» Work task
In the records below, the part to copy starts at the line containing "Рубашка воздушного плетения" and goes to the last line; output it exactly, without pictures.
[Opening Data for analysis section]
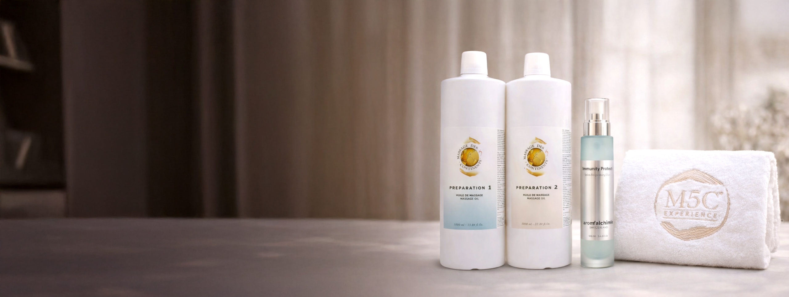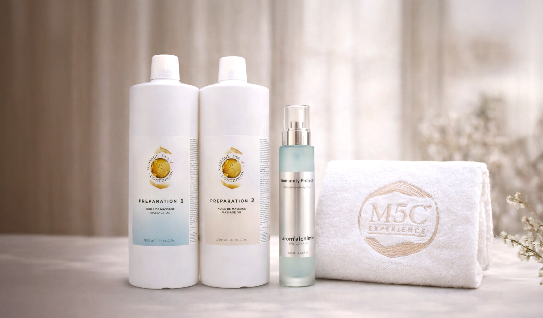 Offrez un massage professionnel avec un coffret complet incluant les huiles M5C – 1&2 (1000 ml), ainsi que Immunity Protect (69€ HT) et une serviette M5C (25€ HT) OFFERTS.
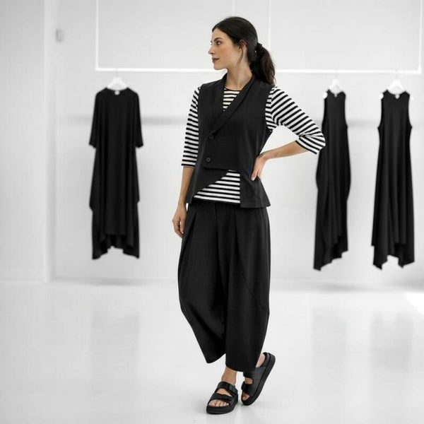 Diese raffiniert geschnittene, schwarze Weste überzeugt mit vielseitiger Kombienierbakeit, zu einem schlichten T - Shirt oder auch mit einer schicken Bluse, ist diese Weste absolut auch Büro - tauglich.
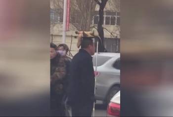 La curiosa imagen de un hombre chino que pasea a su tortuga colocada panza arriba en su ca..
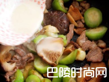 当丝瓜柔化时添加冬菇
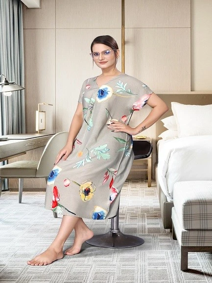 With a Below Knee length, this nighty offers both comfort and a touch of allure, ensuring you enjoy a restful night's sleep in style. Elevate your nights with the perfect blend of comfort and fashion. Embrace the sophistication of our Printed Nighty For Women in the versatile Grey shade, and make every bedtime a luxurious and stylish affair.
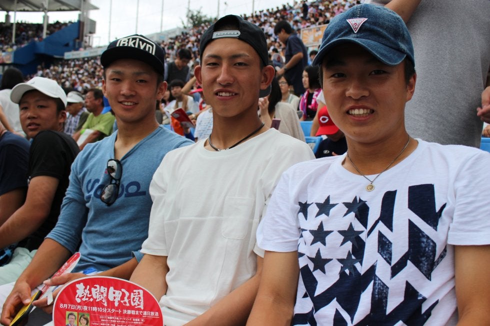 西東京大会決勝の応援に訪れた佐倉リトルシニアの同期。写真左から鯨井、金久保、東海大浦安・中上誉貴
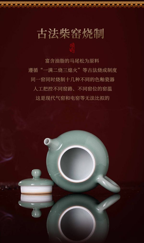 在快节奏的现代生活中,家海窑柴系列坚持使用古法柴窑进行烧制,这不仅是对传统技艺的尊重与传承,更是对现代人追求健康、自然生活方式的回应。景德镇原汁原味的古法柴窑烧制,采用富含油脂的马尾松作为燃料,其燃烧过程中产生的微小颗粒与气体,冥冥之中仿佛与釉料发生了化学反应,赋予了梅子青壶独特的质感与韵味。这种烧制方式,虽然耗时费力,但能够最大限度地保留陶瓷的原始味道,使得每一件作品都老味十足、却又清晰雅致、安全健康,适合各种日常使用。
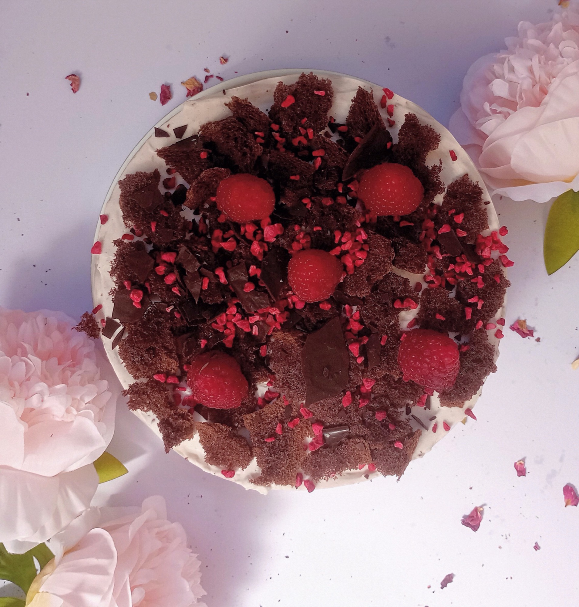 SKŁAD: jaja, kakao, erytrytol, mascarpone, serek śmietankowy, śmietana, maliny, masło, żelatyna, czekolada mleczna i biała i gorzka słodzona stevią i erytrytolem
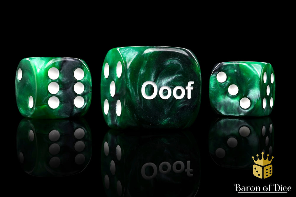 These contain a swirling of warp-tainted greens swirled with pure black and inlaid with a pure white; resin 16mm dice.  The symbols are on the 1 (ONE!) side. Our premium dice now come in a unique reusable tin.
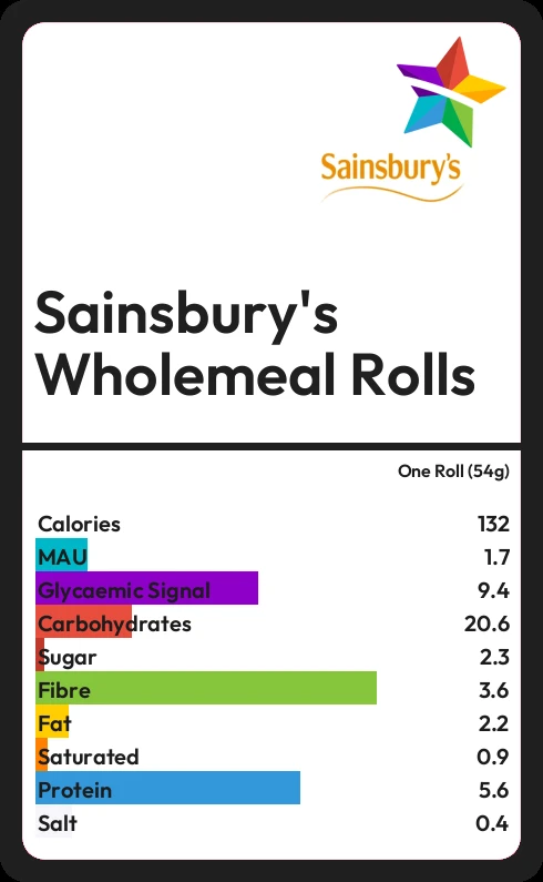 Sainsbury's Wholemeal Rolls contains 132.3 calories in one Roll (54g).
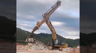 En grävmaskin med teleskoparm, som kan arbeta från stor höjd.
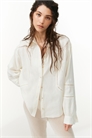 Рубашка воздушного плетения из вискозной смеси с кружевными вставками в виде лесенки. Отложной воротник, пуговицы спереди, слегка спущенные плечи и длинные рукава с манжетами на пуговицах. Подол прямого кроя с закругленными боковыми вентиляционными отверстиями.
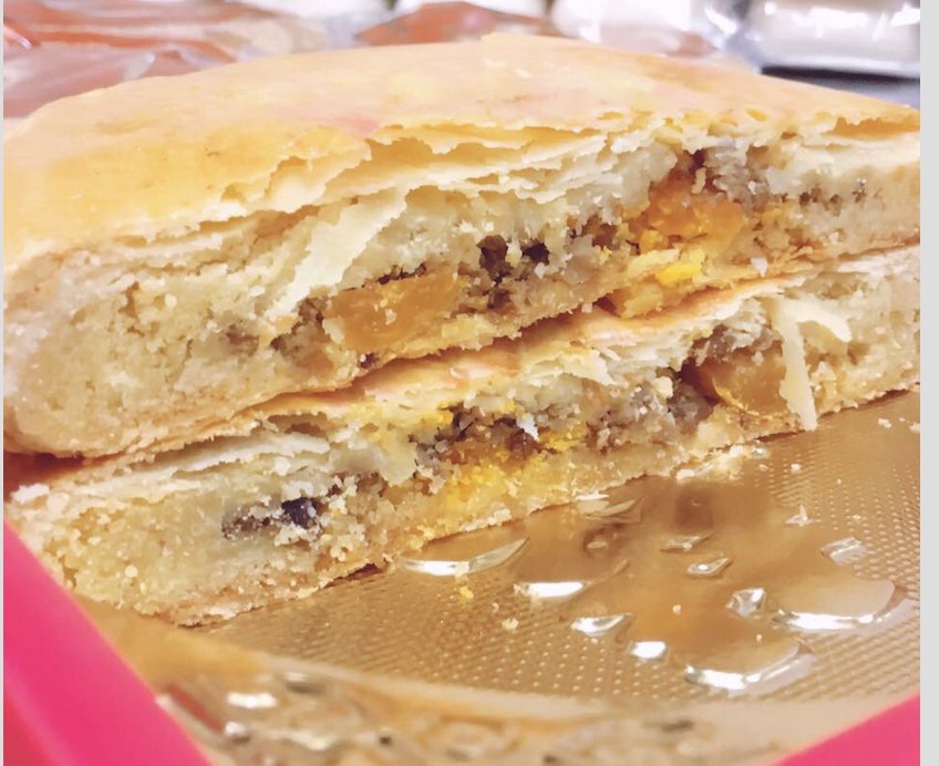 整合的新口味,光餅皮就混合了傳統油皮和港式蛋皮組成,紅豆核桃蛋黃,特製軟紅豆餡,舖上硬核桃,鹹蛋黃夾在其中,更豐富了餡料的層次;芝麻核桃餅,使用核桃當配料,再加上冬瓜、滷肉、腰果、芝蔴的主內餡,讓人吃了很滿意。想要增添囍氣,就多吃囍餅。
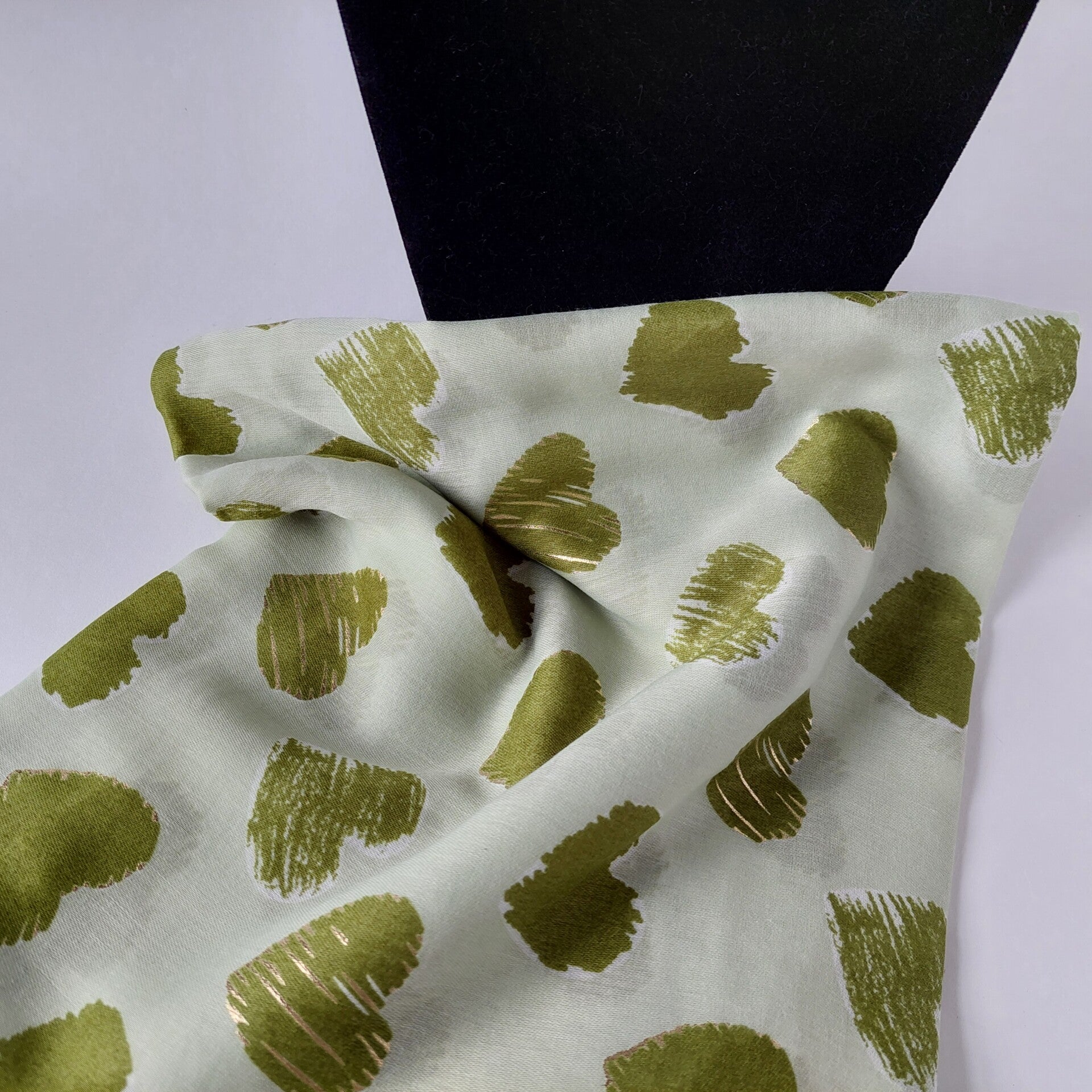 Hartjes motief Sjaal - groen - hartjes - kleine franjes - wit - vrolijke sjaal - viscose - katoen - grootste collectie sjaal in NL
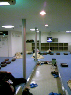 今日は満員ではありませんが、4〜5割程度の混み具合です。2等船室の客層は、ほぼ地元(五島)客でしょうか?なお、毛布は有料(100円)でさっそく借りました...ラウンジも12時過ぎには消灯したので、私も2等船室に戻り眠りに入りました。
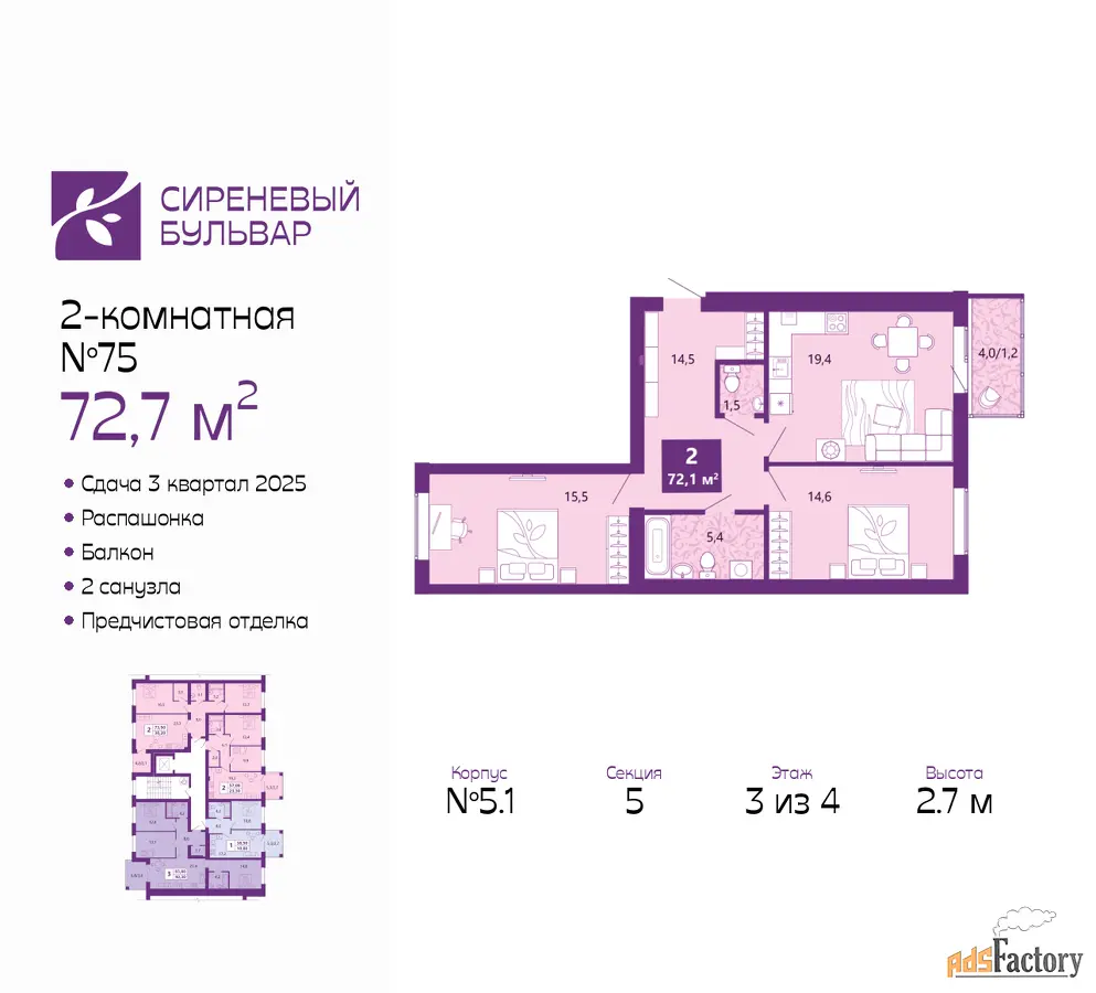 Дом монолитный, многоподъездный, высотой 4 этажа. Квартира находится в 5-й секции в корпусе 5.1. На этаже 5 квартир. В подъезде 1 грузовой лифт. На сегодняшний день строительство завершено, дом сдан в 4 квартале 2025 года. Оформление сделки по договору купли-продажи.
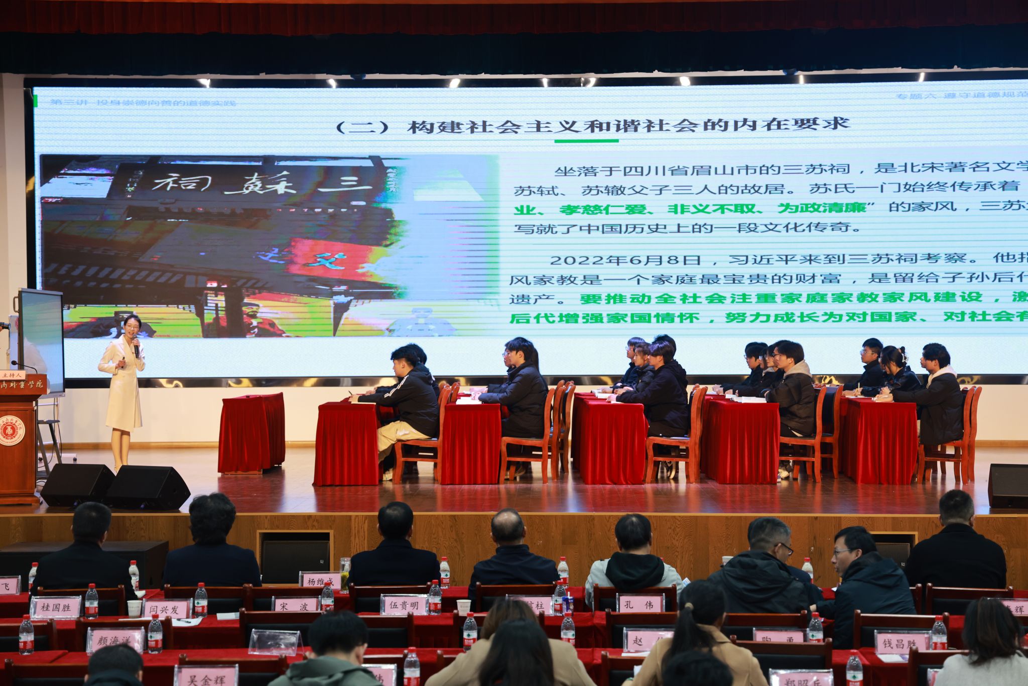 示范课展示环节,来自安徽工商职业学院、安徽国际商务职业学院、长丰县朱巷中学、长丰县第二中学和长丰县北城实验小学的五位教师代表围绕《弘扬家庭美德,传承良好家风家教》主题同课异构、同题共答、同台展示,共上一堂思政课。长丰县北城实验小学党支部书记、校长董飞虹,长丰县城关中学教科室副主任谭联合,合肥工业大学附属中学思政名师、安徽省特级教师曹勤,安徽省大中小学思政课一体化建设专家指导组组长刘新跃先后作精彩点评。
[Closing Data for analysis section]
» Exercise answer
 Рубашка воздушного плетения из вискозной смеси с кружевными вставками в виде лесенки. Отложной воротник, пуговицы спереди, слегка спущенные плечи и длинные рукава с манжетами на пуговицах. Подол прямого кроя с закругленными боковыми вентиляционными отверстиями.
 整合的新口味,光餅皮就混合了傳統油皮和港式蛋皮組成,紅豆核桃蛋黃,特製軟紅豆餡,舖上硬核桃,鹹蛋黃夾在其中,更豐富了餡料的層次;芝麻核桃餅,使用核桃當配料,再加上冬瓜、滷肉、腰果、芝蔴的主內餡,讓人吃了很滿意。想要增添囍氣,就多吃囍餅。
 Hartjes motief Sjaal - groen - hartjes - kleine franjes - wit - vrolijke sjaal - viscose - katoen - grootste collectie sjaal in NL
 今日は満員ではありませんが、4〜5割程度の混み具合です。2等船室の客層は、ほぼ地元(五島)客でしょうか?なお、毛布は有料(100円)でさっそく借りました...ラウンジも12時過ぎには消灯したので、私も2等船室に戻り眠りに入りました。
 Дом монолитный, многоподъездный, высотой 4 этажа. Квартира находится в 5-й секции в корпусе 5.1. На этаже 5 квартир. В подъезде 1 грузовой лифт. На сегодняшний день строительство завершено, дом сдан в 4 квартале 2025 года. Оформление сделки по договору купли-продажи.
 示范课展示环节,来自安徽工商职业学院、安徽国际商务职业学院、长丰县朱巷中学、长丰县第二中学和长丰县北城实验小学的五位教师代表围绕《弘扬家庭美德,传承良好家风家教》主题同课异构、同题共答、同台展示,共上一堂思政课。长丰县北城实验小学党支部书记、校长董飞虹,长丰县城关中学教科室副主任谭联合,合肥工业大学附属中学思政名师、安徽省特级教师曹勤,安徽省大中小学思政课一体化建设专家指导组组长刘新跃先后作精彩点评。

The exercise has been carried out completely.